Sets Boolean indicating whether to search entire article or title only.

set_timeframe(start=None, end=None)[source]#

Sets timeframe (in years as integer) in which result must have appeared. It’s fine to specify just start or end, or both.

set_words(words)[source]#

Sets words that all must be found in the result.

set_words_none(words)[source]#

Sets words of which none must be found in the result.

set_words_some(words)[source]#

Sets words of which at least one must be found in result.

class SoupKitchen[source]#

Bases: object

Factory for creating BeautifulSoup instances.

static make_soup(markup, parser=None)[source]#

Factory method returning a BeautifulSoup instance. The created instance will use a parser of the given name, if supported by the underlying BeautifulSoup instance.

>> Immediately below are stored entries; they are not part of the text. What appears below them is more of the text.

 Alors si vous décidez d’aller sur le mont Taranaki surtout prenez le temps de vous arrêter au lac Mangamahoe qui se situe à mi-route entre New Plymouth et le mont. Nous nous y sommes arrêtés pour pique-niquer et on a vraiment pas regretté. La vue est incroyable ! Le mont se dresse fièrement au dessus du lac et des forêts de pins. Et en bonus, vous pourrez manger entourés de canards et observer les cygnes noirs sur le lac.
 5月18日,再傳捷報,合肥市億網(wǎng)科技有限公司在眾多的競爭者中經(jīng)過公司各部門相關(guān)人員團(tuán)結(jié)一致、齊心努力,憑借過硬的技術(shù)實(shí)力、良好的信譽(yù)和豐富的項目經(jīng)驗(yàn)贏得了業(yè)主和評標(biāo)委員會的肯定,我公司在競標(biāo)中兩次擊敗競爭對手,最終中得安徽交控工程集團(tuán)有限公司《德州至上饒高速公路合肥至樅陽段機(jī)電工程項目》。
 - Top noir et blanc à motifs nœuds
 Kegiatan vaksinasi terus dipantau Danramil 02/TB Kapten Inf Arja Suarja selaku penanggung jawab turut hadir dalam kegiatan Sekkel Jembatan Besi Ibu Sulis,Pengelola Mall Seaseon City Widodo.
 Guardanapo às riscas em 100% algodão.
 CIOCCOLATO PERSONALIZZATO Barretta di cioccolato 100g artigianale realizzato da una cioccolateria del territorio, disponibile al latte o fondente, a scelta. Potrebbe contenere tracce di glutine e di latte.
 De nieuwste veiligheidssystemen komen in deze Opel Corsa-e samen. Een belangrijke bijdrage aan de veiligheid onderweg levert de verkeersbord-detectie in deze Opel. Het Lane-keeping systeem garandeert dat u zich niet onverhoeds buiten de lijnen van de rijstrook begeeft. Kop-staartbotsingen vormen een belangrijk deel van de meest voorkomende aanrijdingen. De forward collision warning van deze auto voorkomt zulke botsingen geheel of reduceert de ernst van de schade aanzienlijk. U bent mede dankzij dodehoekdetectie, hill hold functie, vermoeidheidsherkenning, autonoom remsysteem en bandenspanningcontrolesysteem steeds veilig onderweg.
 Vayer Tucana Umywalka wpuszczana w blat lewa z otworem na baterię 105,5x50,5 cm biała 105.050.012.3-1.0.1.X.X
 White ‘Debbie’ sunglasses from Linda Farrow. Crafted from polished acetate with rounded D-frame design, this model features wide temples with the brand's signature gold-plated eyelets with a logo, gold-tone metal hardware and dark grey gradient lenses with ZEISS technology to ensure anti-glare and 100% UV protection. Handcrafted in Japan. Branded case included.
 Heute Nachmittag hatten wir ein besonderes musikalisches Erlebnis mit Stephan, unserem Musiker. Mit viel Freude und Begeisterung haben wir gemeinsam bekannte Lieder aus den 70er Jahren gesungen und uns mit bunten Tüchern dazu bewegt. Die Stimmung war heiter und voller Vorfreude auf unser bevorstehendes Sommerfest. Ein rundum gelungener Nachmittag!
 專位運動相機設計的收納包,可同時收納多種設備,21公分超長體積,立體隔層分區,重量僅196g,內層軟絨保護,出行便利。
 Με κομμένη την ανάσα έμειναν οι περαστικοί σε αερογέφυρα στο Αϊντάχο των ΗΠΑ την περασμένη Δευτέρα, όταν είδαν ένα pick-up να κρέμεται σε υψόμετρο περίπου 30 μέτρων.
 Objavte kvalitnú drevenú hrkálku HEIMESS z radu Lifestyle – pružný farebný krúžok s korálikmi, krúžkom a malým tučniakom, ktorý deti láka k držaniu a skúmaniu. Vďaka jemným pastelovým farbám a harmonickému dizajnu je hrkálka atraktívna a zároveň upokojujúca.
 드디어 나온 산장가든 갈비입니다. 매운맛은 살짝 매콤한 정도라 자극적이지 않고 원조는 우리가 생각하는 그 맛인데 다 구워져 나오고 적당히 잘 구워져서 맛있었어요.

citation_export(querier)[source]#
csv(querier, header=False, sep='|')[source]#
encode(s)[source]#
main()[source]#
txt(querier, with_globals)[source]#

minifold.search module#

class SearchFilter(search_values: list, attributes: list, match: callable)[source]#

Bases: object

The SearchFilter implements a minifold filter allowing to filter minifold entries based on a search predicate.

Constructor.

Parameters:
contains(x: object, y: object) bool[source]#

Tests whether two objects are equal (wraps the == operator).

Example

>>> equals("bar", "foobar")
True
Parameters:
  • x (object) – An object.

  • y (object) – An object.

Returns:

True if and only if x in y, False otherwise.

contains_words(word: str, sentence: str, ignore_case: bool = True)[source]#

Checks whether a word is contained in a string (e.g., a sentence).

Examples

>>> contains_words("earth", "Earth is a planet.")
True
>>> contains_words("earth", "A terrible earthquake.")
False
Parameters:
  • word (str) – The searched word.

  • sentence (str) – The queried string.

  • ignore_case (bool) – Pass True if the search is not case sensitive, False otherwise. Defaults to True.

Returns:

True if word has been found in sentence, False otherwise.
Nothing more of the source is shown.